Database Setting | Description |
---|---|
assignment policy |
Specifies how documents are to be distributed across the database forests. Both the rebalancing process and the document load/insert process follow this policy. For details on the document assignment policies, see Rebalancer Document Assignment Policies. |
rebalancer enable |
When set to true , the database rebalancer will automatically redistribute the content across the database forests. When set to false , rebalancing is disabled. |
rebalancer throttle |
Sets the priority of system resources devoted to rebalancing. Higher numbers give rebalancing a higher priority. |
The reindexing settings enable or disable reindexing and allow you to force reindexing of older fragments.
Database Setting | Description |
---|---|
reindexer enable |
When set to true , index configuration changes automatically initiate a background reindexing operation on the entire database. When set to false , any new index settings take effect for future documents loaded into the database; existing documents retain the old settings until they are reloaded or until you set reindexer enable to true . For information on how the reindexer effects queries, see Query Behavior with Reindex Settings Enabled and Disabled. |
reindexer throttle |
Sets the priority of system resources devoted to reindexing. Higher numbers give reindexing a higher priority. |
reindexer timestamp |
Specifies the timestamp of fragments to force a reindex/refragment operation. Click the get current timestamp button to enter the current system timestamp. When you set this parameter to a timestamp and reindex enable is set to true , it causes a reindex and refragment operation on all fragments in the database that have a timestamp equal to or less than the specified timestamp. Note that if you restore a database that has a timestamp set, if there are fragments in the restored content that are older than the specified content, they will start to reindex as soon as they are restored. |
The document and directory settings affect the default settings for how documents and directories are created in the database.
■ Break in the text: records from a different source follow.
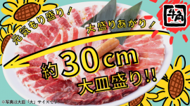 テーブルを華やかに盛り上げる「大皿」は、ご家族で気軽に楽しめる「バラエティー4種盛り」と、牛角の看板メニューを堪能できる「厳選牛角盛り」の2種類をご用意。 「大」サイズはお皿の直径が約30cmのビッグサイズ!サイズはそれぞれ「並 2~3人前」と「大 3~4人前」があるため、シーンに応じてご利用いただけます。この機会にぜひ、牛角で人気の「大皿メニュー」をお得にお楽しみください。
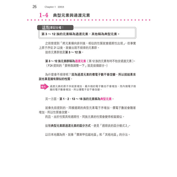 第3∼12族元素群稱為過渡元素(第12族的元素有時不包含過渡元素)。 (P.24 提到的「要稍微調整一下」就是這個部分。)
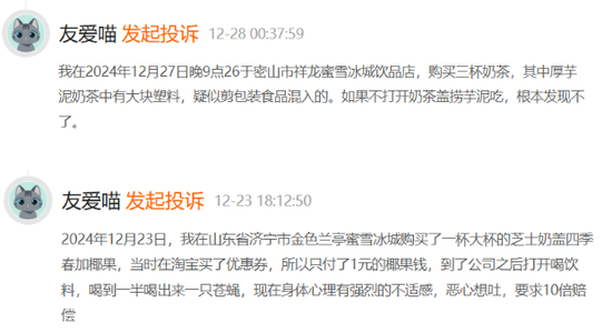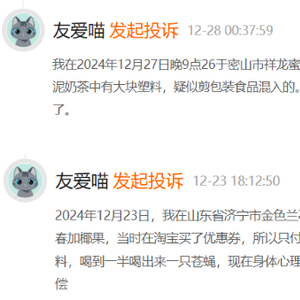 但证券之星却发现,加盟店数量激增之下,消费者对蜜雪冰城的投诉也在增长。在某投诉平台,有关蜜雪冰城门店的产品质量问题被消费者们屡屡提及。比如在2024年12月28日,有消费者投诉称,“其于12月27日在密山市祥龙蜜雪冰城饮品店,购买三杯奶茶,其中厚芋泥奶茶中有大块塑料,疑似剪包装食品混入”,另有消费者在12月23日发起投诉称,在蜜雪冰城购买了一杯大杯的芝士奶盖四季春加椰果,喝到一半喝出一只苍蝇。
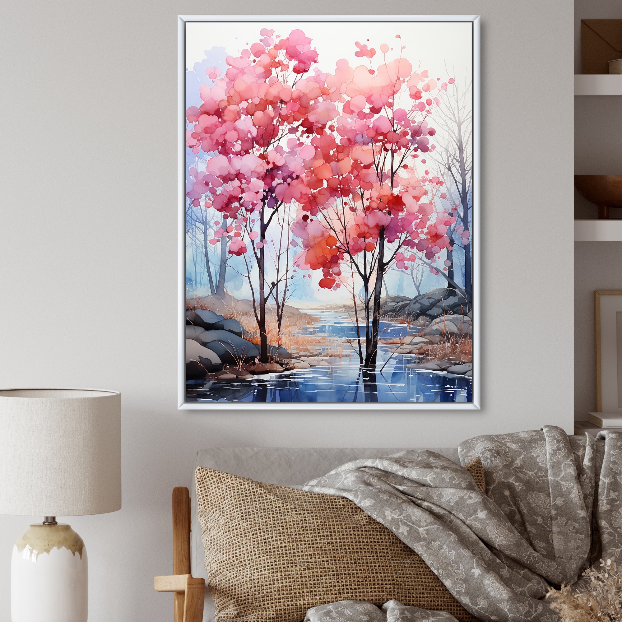 Designart "Pink And Blue Trees Field Pointillism V" Landscape Trees Framed Canvas Wall Art
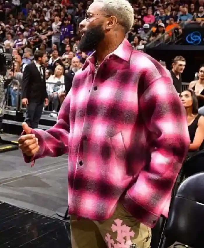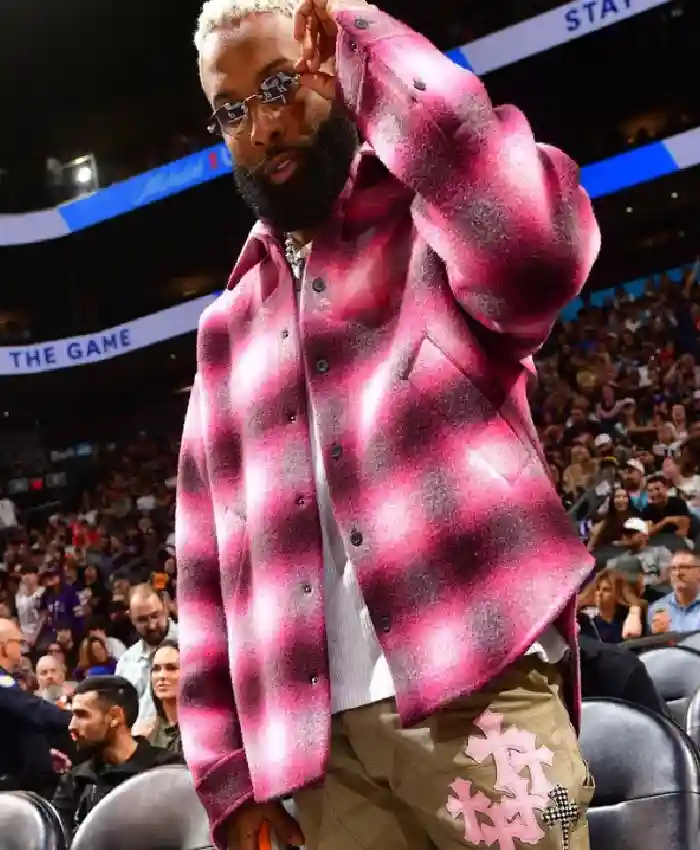 Odell Beckham Jr. Denver Nuggets Vs Phoenix Suns Ombré Buffalo Pink Wool Check Pattern Jacket On Sale For Men
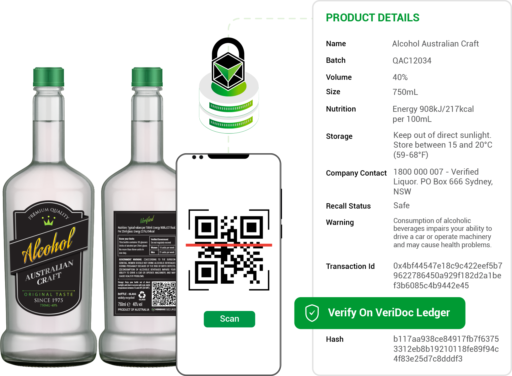 Australian craft alcohol brands often face issues with counterfeit bottling, unauthorized relabeling, and illicit refilling. VeriDoc Global secures each bottle with a blockchain-authenticated QR code that verifies origin, batch information, and production authenticity, ensuring consumers receive genuine craft-quality beverages.
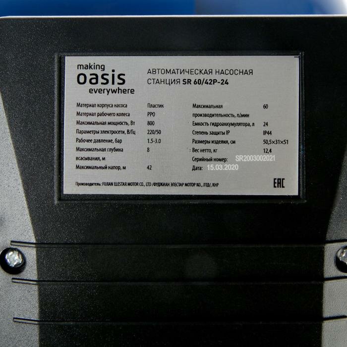 Насосная станция Oasis "making Оasis everywhere" автоматическая 60/42P - 24
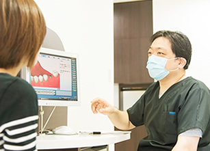 インフォームド・コンセントとは、医師が患者様に正確な情報をご説明し、納得いただいた上で治療をすることです。当院では患者様の口腔内写真などを用いながら、現在のお口の状態、治療内容、治療期間などをわかりやすくご説明します。また治療費の予定額と治療のメリットなどについても詳しくご説明し、納得いただいた上で治療を始めていきます。
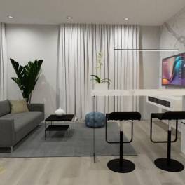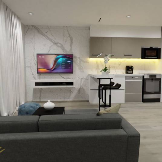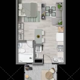Een studio-appartement van ongeveer 50m2 (binnen + terras). Dit model bevindt zich in Gebouw B "Guadeloupe" en Gebouw D "Barbados". Beide gebouwen zijn 7 verdiepingen hoog en zijn uitgerust met twee liften. Hoe hoger de verdieping, hoe beter het uitzicht!
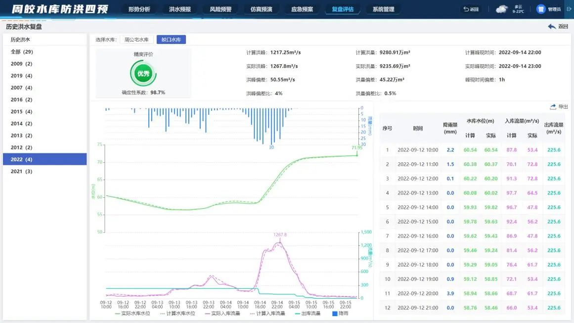 自系統試運行以來(lái),成功支撐周公宅和皎口兩座水庫有效應對2022年的“軒嵐諾”和“梅花”、2023年的“杜蘇芮”和“卡努”等多場(chǎng)臺風(fēng)暴雨的挑戰。尤其在2022年“梅花”臺風(fēng)來(lái)襲時(shí),面對降雨量超過(guò)50年一遇的極端天氣,系統快速生成了多組預報調度方案,通過(guò)正向預演,精準模擬了不同方案下水庫的漲落情況以及下游的受影響程度。同時(shí),利用逆向推演功能,科學(xué)制定水庫前期的預泄措施和中期攔蓄洪峰的調度策略。

Database Setting | Description |
---|---|
directory creation |
Specifies if directories should be automatically created when a document is created. If you are using the database to store documents accessible via a WebDAV server or as a Modules database, this setting should be set to automatic . The following are the settings:
|
maintain last modified |
Creates and updates the last-modified property each time a document is created or updated. The default is false . |
maintain directory last modified |
Creates and updates the last-modified property on a directory each time a directory is created or updated. If set to true , update operations on documents in a directory will also update the directory last-modified timestamp, which can cause some contention when multiple documents in the directory are being updated. If your application is experiencing contention during these type of updates (for example, if you see deadlock-detected messages in the error log), set this property to false . The default is false . |
inherit permissions |
When set to true , documents and directories automatically inherit permissions from their parent directory (if permissions are not set explicitly when creating the document or directory). If there are any default permissions on the user who is creating the document or directory, those permissions are combined with any inherited permissions. |
inherit collections |
When set to true , documents and directories automatically inherit collection settings from their parent directory (if collections are not set explicitly when creating the document or directory). If there are any default collections on the user who is creating the document or directory, those permissions are combined with any inherited collections. |
inherit quality |
When set to true , documents and directories automatically inherit any quality settings from their parent directory (if quality is not set explicitly when creating the document or directory). |
The memory and journal settings are automatically configured at installation time. The memory settings configure the memory limits for the system, and the journal settings control the transactional journal, used for recovery if a database transaction fails. The default settings should be sufficient for most systems. Depending on the system workload, setting the memory settings incorrectly can adversely affect performance; if you need to change the settings and you have an active maintenance contract, you can contact MarkLogic Support for help.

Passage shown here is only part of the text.